Emotional bond between two people. Two-way process that endures over time. It leads to certain behaviors and serves to protect the infant.
Outline procedure of Meltzoff and Moore’s study into interactional synchrony.
Adult model displayed specific hand or facial movements to 2-3 week old infants. Dummy placed in infant’s mouth then removed after modelling. Response expression filmed.
Outline findings of Meltzoff and Moore’s study into interactional synchrony.
Association found between infant behavior and adult model. Shows 2-3 week olds imitate specific behaviors - suggesting interactional synchrony exists.

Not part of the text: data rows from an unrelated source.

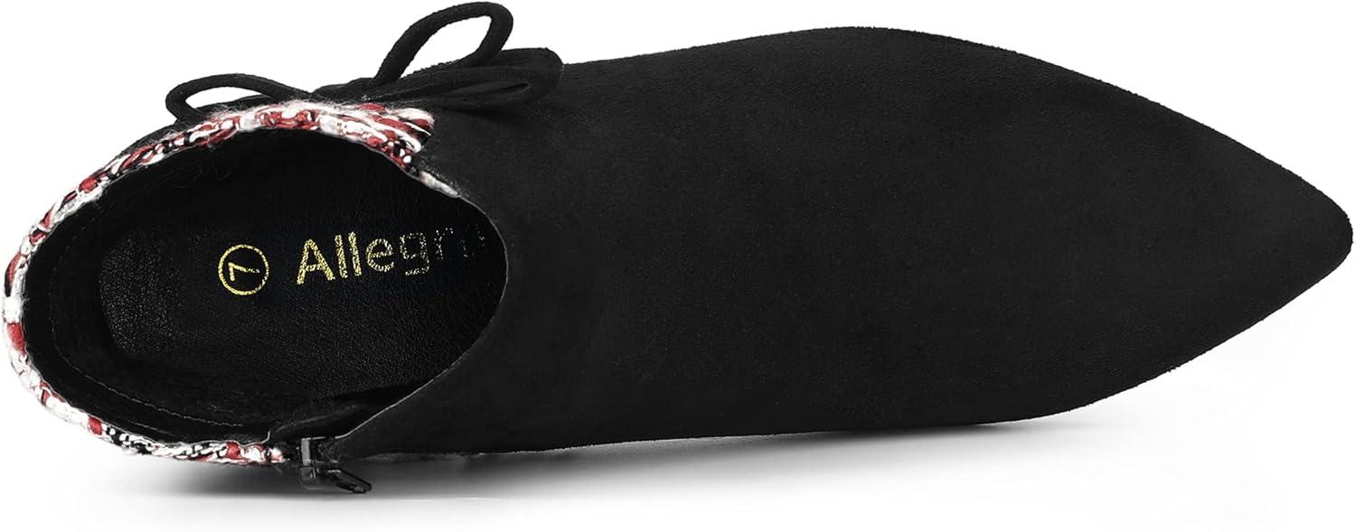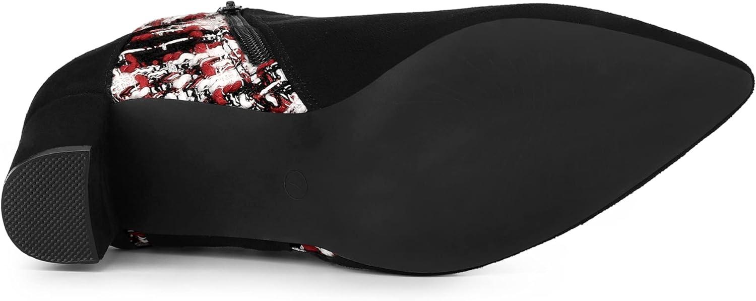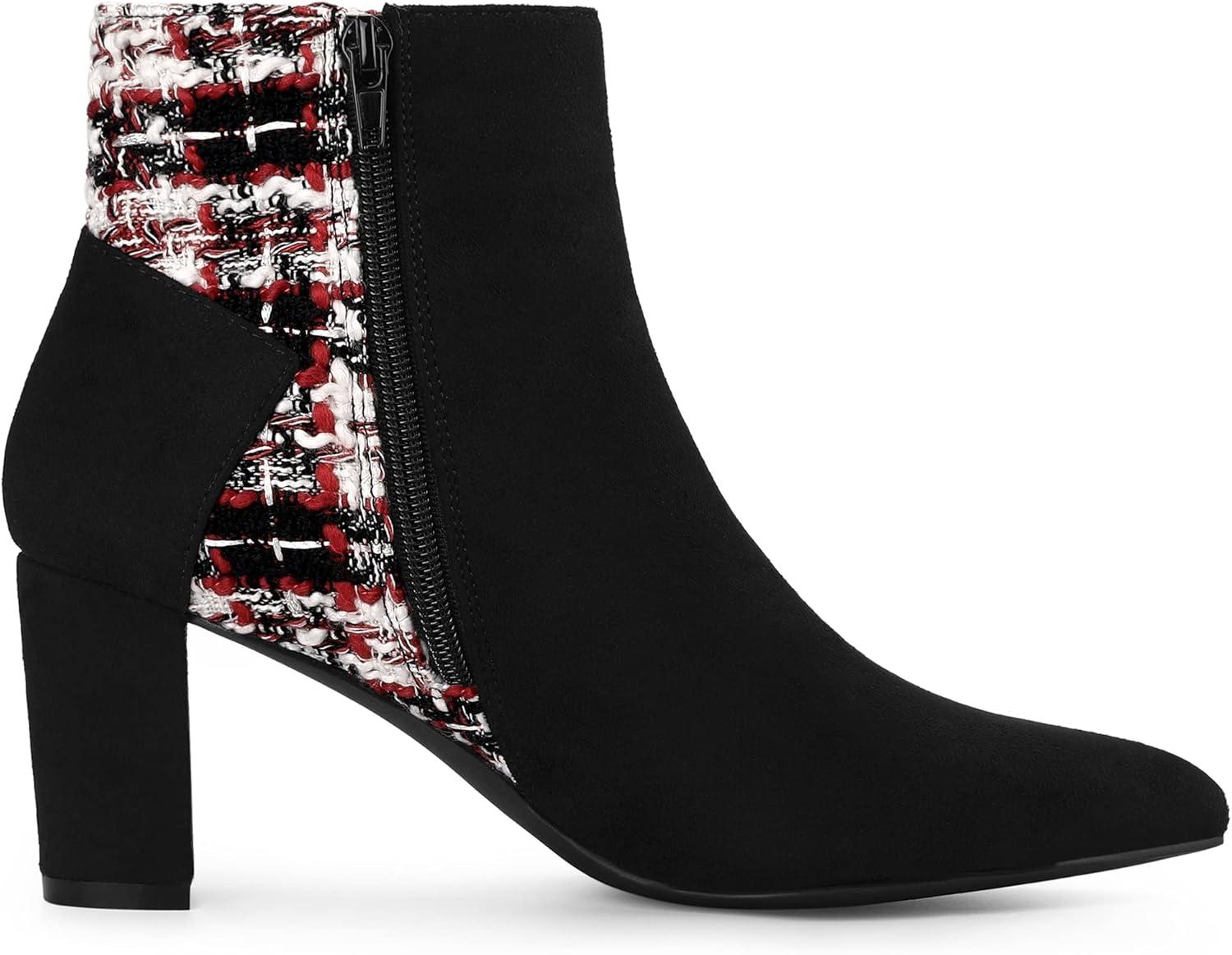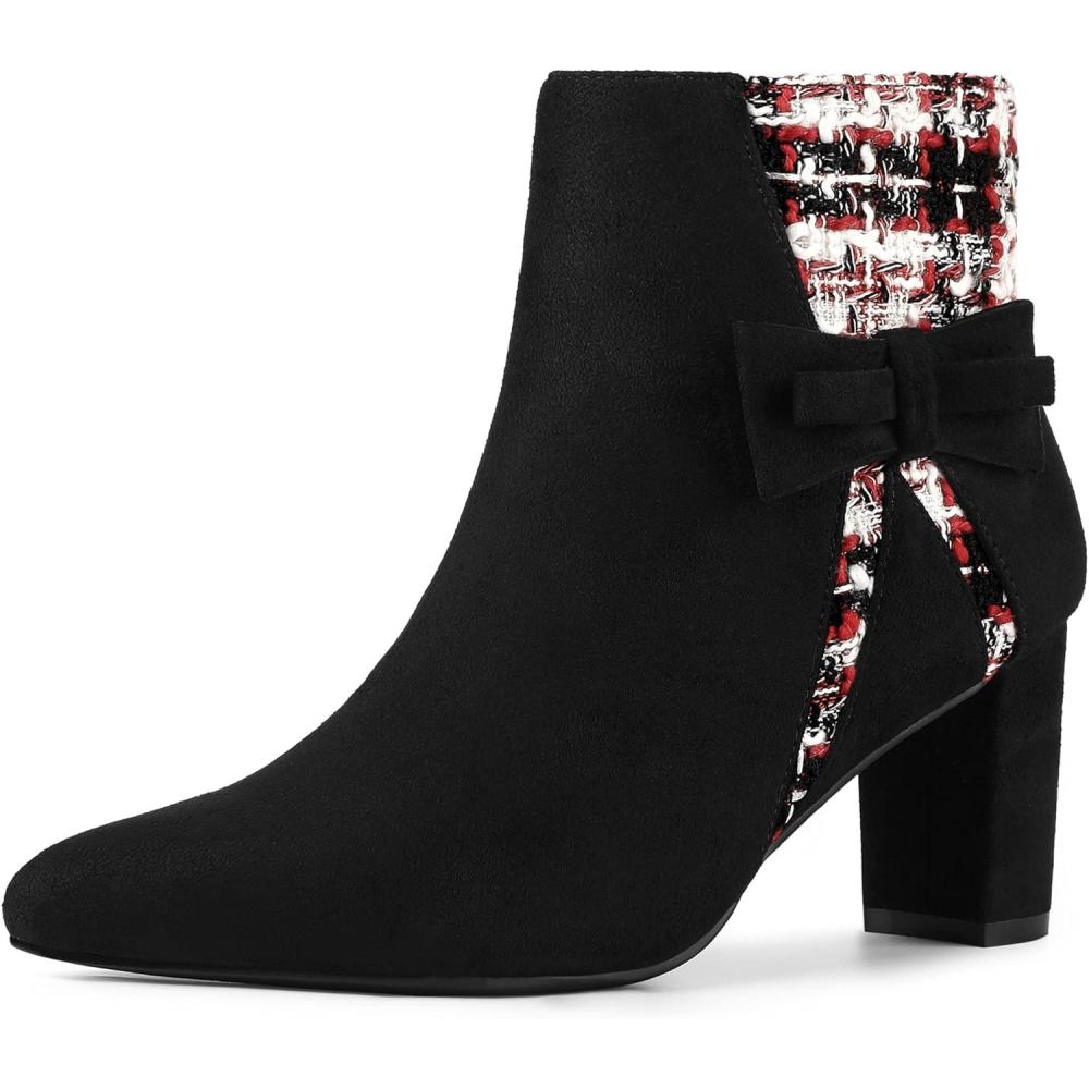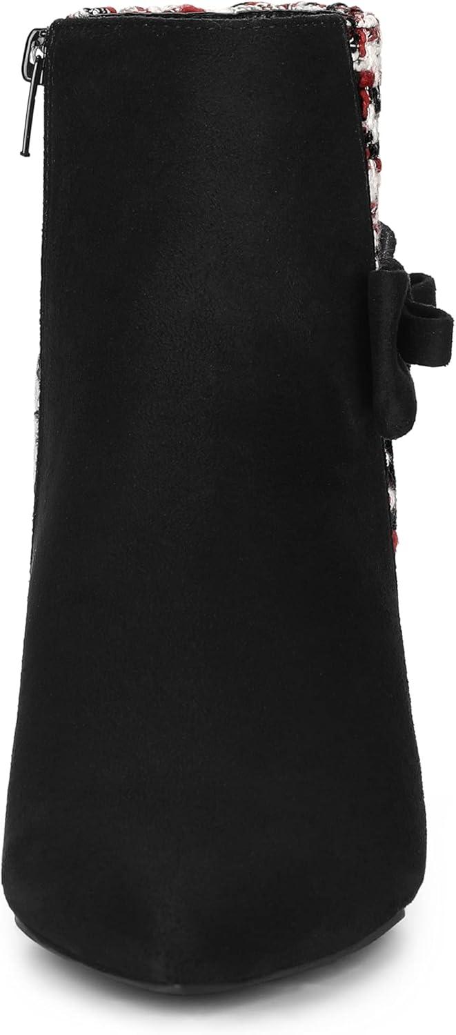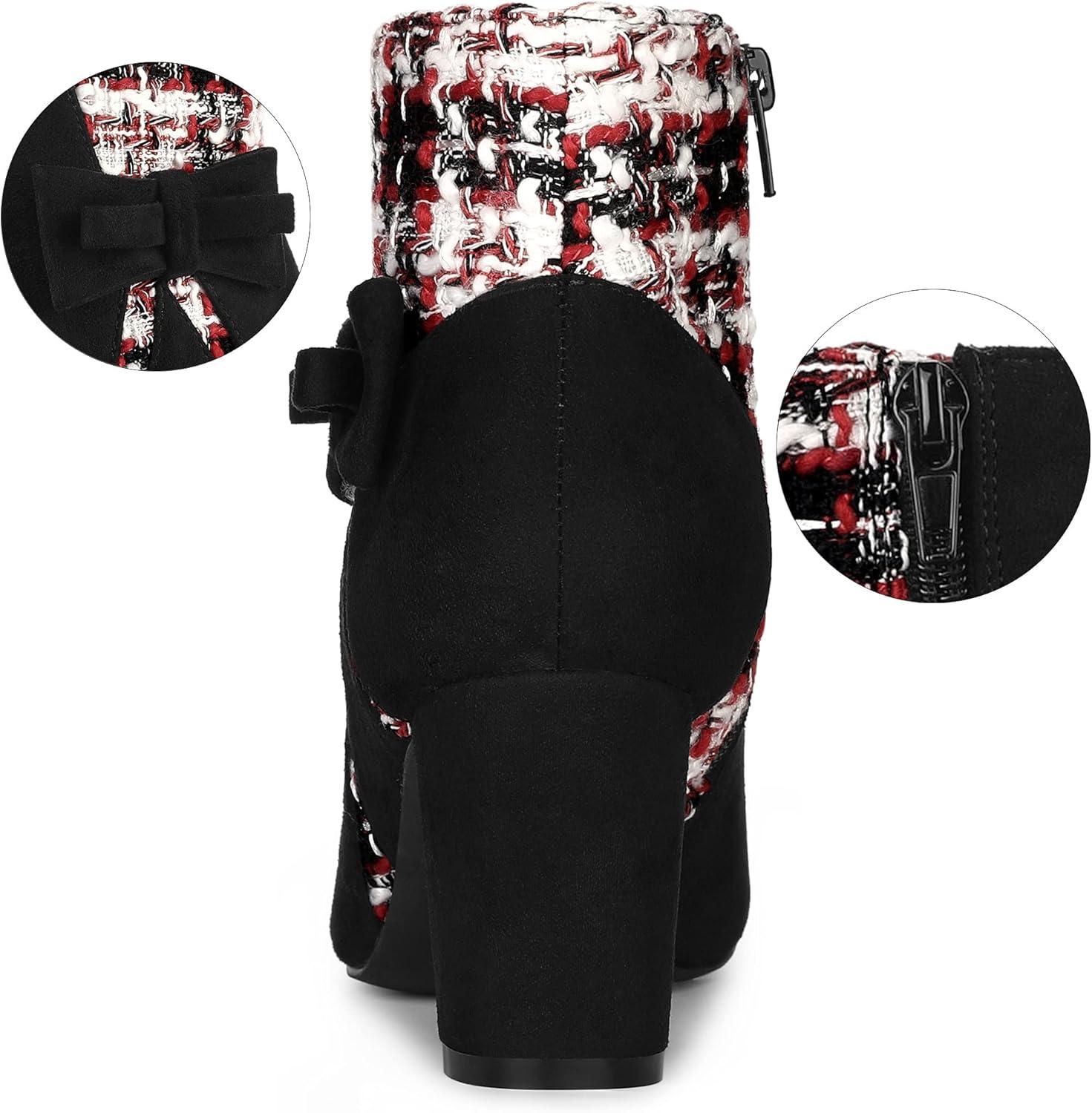 Allegra K Women's Tweed Plaid Heels Boot Bow Block Heels Ankle Boots(Black)
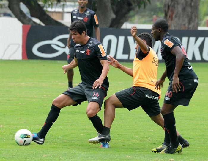Dessa maneira, o Flamengo deverá ir a campo nesta quarta-feira com a seguinte escalação: Felipe; Wellington Silva, Renato Santos, Marcos González e Ramon; Amaral, Victor Cáceres, Renato Abreu e Cleber Santana; Liedson e Vagner Love.
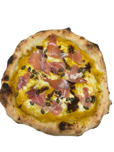 San Marzano / Ser kozi / Mozzarella / Gorgonzola / Cebula / Szczypiorek / Prosciutto crudo

(A03) Explain why Meltzoff and Moore’s observation is high in internal reliability.
Videos judged by independent observers. No knowledge of what infant had been shown (no observer bias - validity). Note all instances of 3 behavioural categories. Inter- and intra- observer reliability scores >.92
(A03) Why is infant behaviour (facial expressions) difficult to observe and measure.
Infants’ mouths in constant motion. Difficult to distinguish between measured expressions. Lack of reliability. Observers may have guessed aims and have bias - lack of validity.
(AO3) What is the value of the Meltzoff and Moore research?
Meltzoff developed hypothesis of infant development. Imitating acts allows infants to begin to develop understanding of behaviour. Fundamental for secure relationships.
(AO3) Identify another weakness of Meltzoff and Moore’s research.
Individual differences. Interactional synchrony varied with attachment type. Cause + effect?